Monday, November 16, 2009

A Dreddful Appetite

Those of us who have at one time or another, sheepishly or otherwise, have cracked open a D&D book know of the character alignment system. Two dimensions are plotted: a good vs evil dimension and a law vs chaos dimension. Neither dimension is especially well defined, not at least to my satisfaction. Ostensibly, a lawful good character will obey the law and serve his fellow man, but what happens if you find yourself living in a land ruled by a tyrant whose idea of law is to imprison dissidents and, I dunno, raise an army of ghouls to wage war on his neighbors? The same dude who might have been all law-abiding and junk in his home country is now at odds with the law, and becomes chaotic good. The Platonist in me tells me that this arrangement is smellier than a haversack that's been sitting under Smaug's dorsal vent for well nigh on a month.

I like to think of law as arising as that set (bundle if you will) of rights and protections that best serve the community from which they arise. A corrupt dictator no sooner makes law than a Vogon makes fine poetry (pardon the liquid universe borders). His decrees are arbitrary and serve only him. Obedience to spurious legislation is not necessarily lawful, and so say the Civil Rights Movement. However, just as the cleric of Tymora in Thay, so Martin Luther King in Alabama. The good Reverend was following natural law, divine law if you will, in that he righteously opposed the unjust rule of man. This was an inherently lawful act, even if it was illegal. MLK was LG.

Chaotic Good is arbitrary do-goodiness. You find this sort engaged in humanistic radicalism and optimistic social engineering. It's chaotic for the very reason that it's untested, whimsical social engineering. Anti-goblin discrimination legislation might be fine and dandy for homo-gobloid relations in the marble chambers of Waterdeep, but without the Hayekian emergent order, history has shown again and again how nature points out the folly of men.

Godzilla.

On the evil side, LE is tough to categorize. Traditionally, and according to Bryan Caplan's comment on my facebook page, LE types cherish obeying the letter of the law, especially if it means getting to smash a few faces in. These are the guys responsible for holocausts, purges, and the worst sort of organized violence that the imagination has to offer. Okay, I can buy that, but on the condition that "lawful" in this sense means "predictable", as if the cruelty and violence runs consonant with the emergent order of that particular society. In a world populated by multiple sentient races, it's utterly conceivable that one race will be completely inimical to another. Indeed, one can well imagine orcish bedtime stories where mama snoutface tells her wee little porker to go to sleep or the vicious dwarves will come and eat him in his sleep. Evil is relative, see? It then becomes a matter of identifying predictable vs unpredictable behavior. If I'm in a country with a known predilection for slaughtering those of my particular race, I can consider the inhabitants of that land to be lawful, so long as that sort of behavior results in some sort of evolutionary advantage for that race. Elves (some of them anyway) can be considered lawful in this sense because they rarely skip an opportunity to dispatch members of the so-called evil races without so much as a how-do-you-do.

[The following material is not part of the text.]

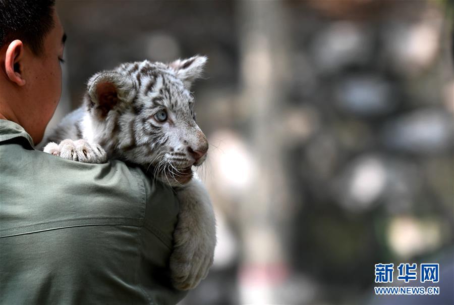7月13日,工作人員將“妞妞”帶回飼養(yǎng)室。河北石家莊市動(dòng)物園的孟加拉白虎寶寶“妞妞”只有3個(gè)月大,由于虎媽媽經(jīng)驗(yàn)不足,“妞妞”一出生便由動(dòng)物園工作人員按科學(xué)方法人工飼養(yǎng)。目前,在飼養(yǎng)員的精心照料下,“妞妞”正在茁壯成長(zhǎng)。新華社記者 王曉 攝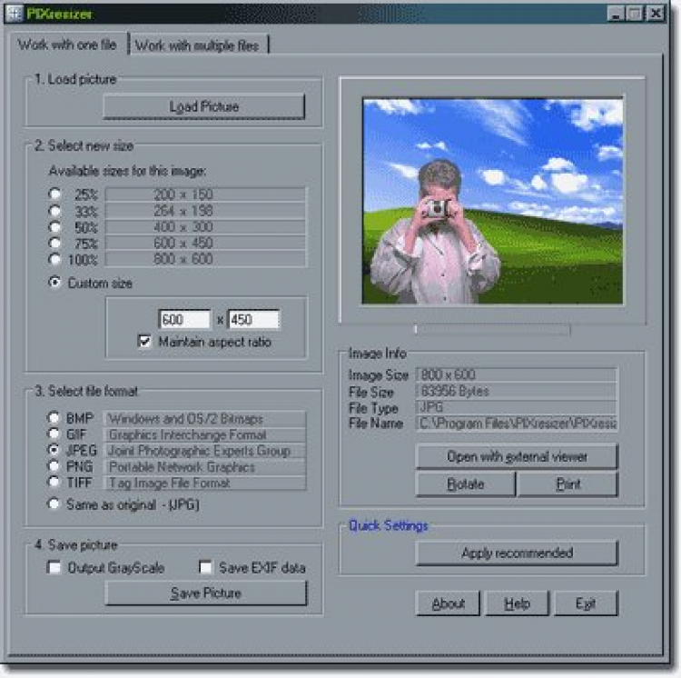 PIXresizer - это утилита для изменения размера графических файлов.

I still haven't made up my mind about the conditionality of goodness. The right kind of political assassination can be considered a good act, though again, the view changes whether you're near or far, and an outsider or an insider.

Maybe there are other dimensions along which we could expand the character alignment space. Perhaps we could have attributes that illustrate political beliefs as well as beliefs about the size and scope of government, or about interracial tolerance.

Then again, it's just a game. I'm almost positive I'm fretting over nothing.